# Bacon Grease?



## fishawn (Aug 1, 2009)

Had to cook 4 lb's of bacon for a big salad we are bringing to a family wedding. Out of 4 lb's of bacon I microwaved, I got a 16 oz Oyster jar full of Bacon grease. I have never used, or saved the stuff before, but thought I would this time & see what (if anything) anyone used it for? And or any suggestions?


----------



## bluefrog (Aug 1, 2009)

Use it as you would oil for pan frying.  It's great for frying okra... add it to greens when cookig; collards, kale, mustard greens etc.


----------



## bigsteve (Aug 1, 2009)

It's super tasty to fry your morning eggs in it.  But don't lose your head and start doing it all the time.


----------



## fire it up (Aug 1, 2009)

Like bluefrog said, just use as you would use butter or oil.
Also great to use in a roux.  Makes fora GREAT base flavor in sausage gravy.

*Just found a recipe for a sort of corn bread, cheddar and bacon pancakes that is probably really tasty.
http://vanillakitchen.blogspot.com/2...-pancakes.html

Bacon butter...
http://www.indigo.org/food/stash/baconbut.html


----------



## fishawn (Aug 1, 2009)

Is bacon grease used for "seasoning" cast iron pans?


----------



## bbq engineer (Aug 1, 2009)

In my youth, I basically spent summers on my grandpa's farm, helping with the farm chores, throwing bales, playing from dawn to dusk, etc., etc.

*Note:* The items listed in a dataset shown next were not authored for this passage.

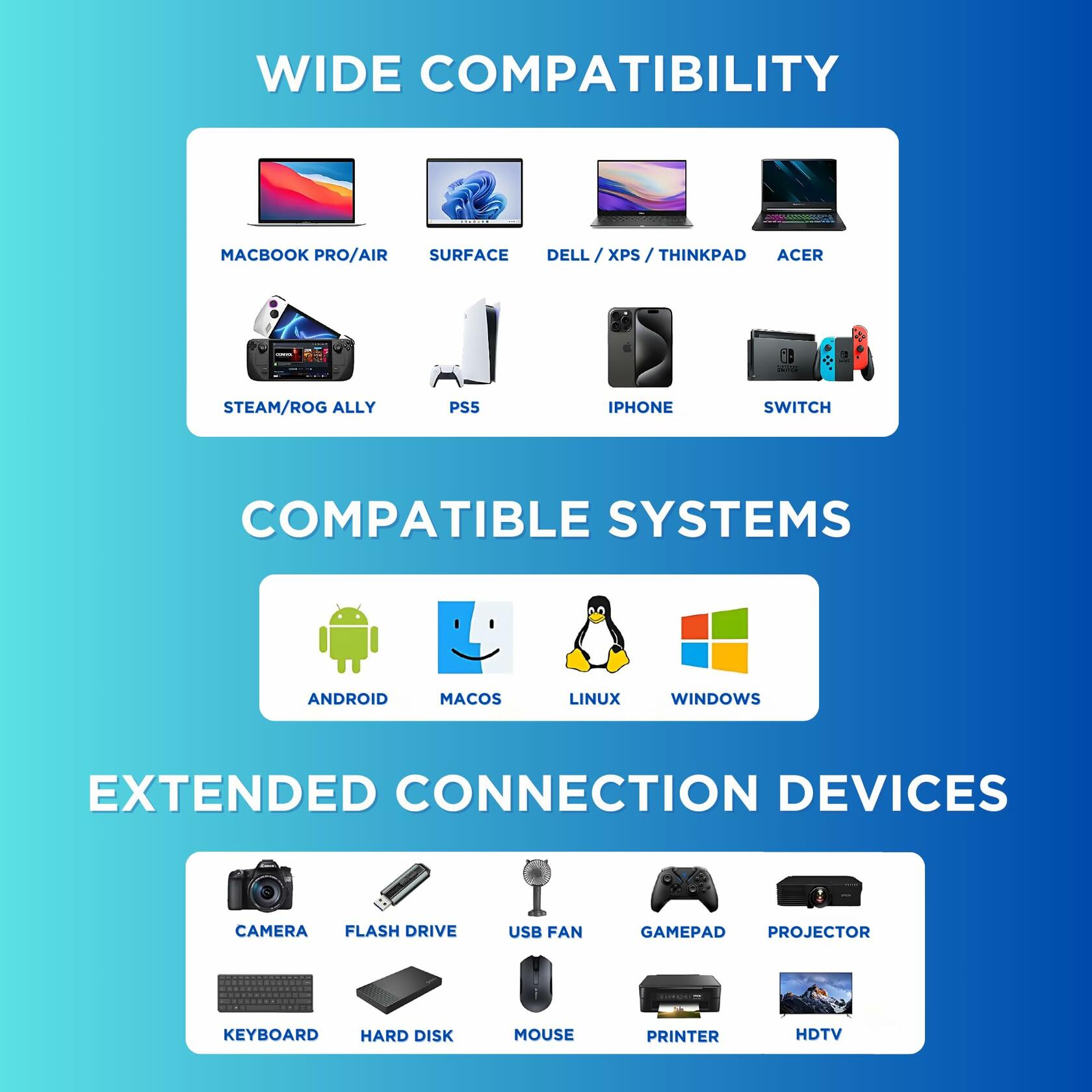Compatible with a wide range of USB-C devices, this hub supports laptops, tablets, and phones, ensuring seamless connectivity for all your devices. Its 100W Power Delivery (PD) charging capability keeps your devices powered while you work or play, eliminating the need for multiple chargers. This feature is especially useful for users who need to charge their devices quickly without sacrificing data transfer speeds.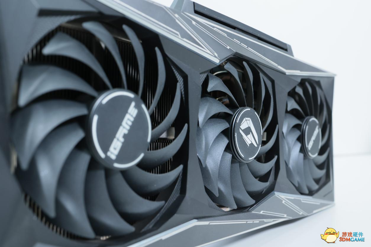 这款显卡在散热上也是下足了功夫,iGame GeForce RTX 3080 Ti Vulcan OC的风扇与上代的相比也有所不同,扇叶的数量有所提升,从9片增加至13片叶边缘折角的“捕风手”风扇搭配冷排特有的鳍片排列方式,可将气旋压入散热器内实现风压及进风量的进一步提升。另外一个细节就是,iGame GeForce RTX 3080 Ti Vulcan OC三个风扇中央的logo牌均采用双层处理,上面的一层可手动旋转角度,不会随着风扇启动而旋转。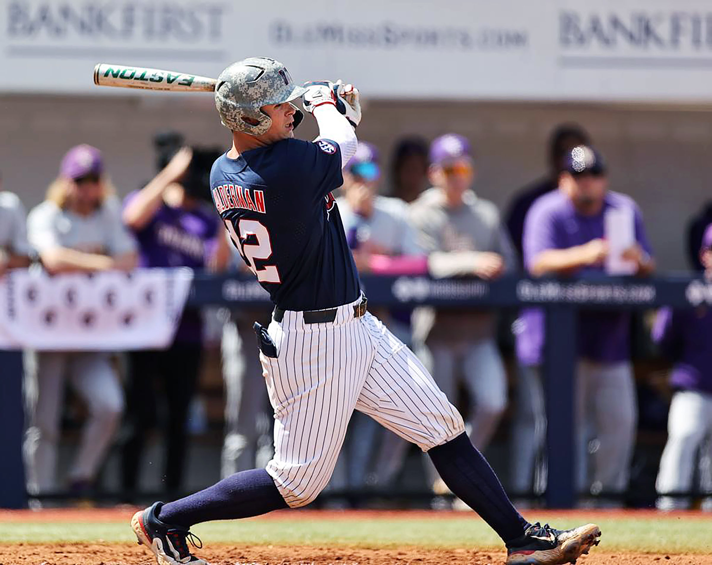 The Rebels slugged three home runs and struck out 13 Tigers, but surrendered five home runs on a windy night at Taylor Stadium. Kemp Alderman, Jacob Gonzalez, and TJ McCants each hit a long ball as McCants drove in three runs and Calvin Harris scored three times.
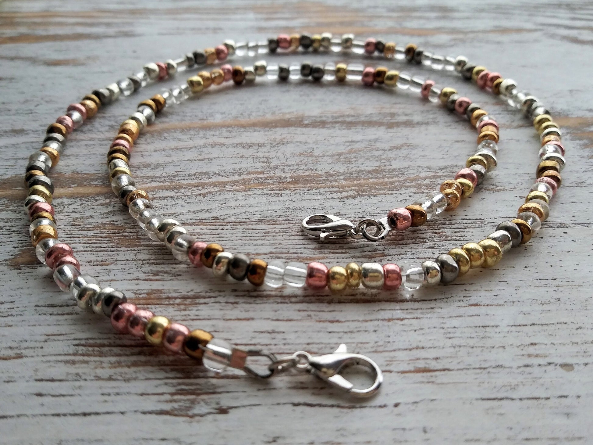 Mask Lanyard / Chain / Necklace / Holder, Beaded / Bracelet / Mask Chain / Necklace / USA / Rose Gold / Silver / Gold / Bronze / Copper

One thing that my grandpa did was use bacon grease to cook popcorn...(I hear cardiologists gasping from here), you might give it a try. It adds a fantastic flavor to popcorn!


----------



## eman (Aug 1, 2009)

I put it in a jar and when i get ready to cook lima beens ,Field peas , Greens  i add a tblsp or two of bacon grease


----------



## meat hunter (Aug 1, 2009)

When I was a kid, I remember my grandmother had a can on top of the stove with a screen in it. She would dump the bacon grease in it and use it every time she fried something up. There is no equal when cooking eggs sunny side up. BBQ, the popcorn things sound great. My heart cant wait for that one LOL.


----------



## rivet (Aug 1, 2009)

If you run a garden, there is nothing better than fresh green beans with onion and a dollop of bacon grease for flavor!


----------



## mballi3011 (Aug 1, 2009)

We keep bacon grease for everything we cook in the skillet eggs are great vegis are the bomb and just adds flavor. Now it mite clogg my artiery but I'm sure I take a pill for that. Bacon Fat GOOD


----------



## meat hunter (Aug 1, 2009)

Clog your arteries? If man were not meant to eat bacon grease, then the good lord would not have made it taste sooooooo goooooood. 
(Homer Simpson-----> Hmmmmm, Baaaacon grease. mmmmmm


----------



## mph (Aug 1, 2009)

1 T bacon oil
1 T sugar
1/2 t salt
1/4 t pepper
1/2 head shredded cabbage

   Saute it up in a pan and you'll have some wonderful fried cabbage. Very tasty.


----------



## beer-b-q (Aug 2, 2009)

When I was a kid growing up, everyone used bacon grease to fry food in.  It had more flavor than the store bought stuff.  As Emeril says, *"Pork Fat Rules"*.*





**




**




*


----------



## Dutch (Aug 3, 2009)

Try as I might to get me some bacon grease saved up, Ma Dutch comes along and browns up some hamburger and then pours off the hambuger fat into my bacon grease jar. Sometimes a feller just can't win~


----------



## trashcan (Aug 3, 2009)

It's the ONLY thing I use for seasoning cast iron. Also, you could probably add it to just about anything repulsive and magically it would taste awesome.


----------



## roadrunr (Aug 3, 2009)

Yep, I use it to  season my dutch oven, skillets, grates on my pit. Also like to fry homemade canadian bacon in it.


----------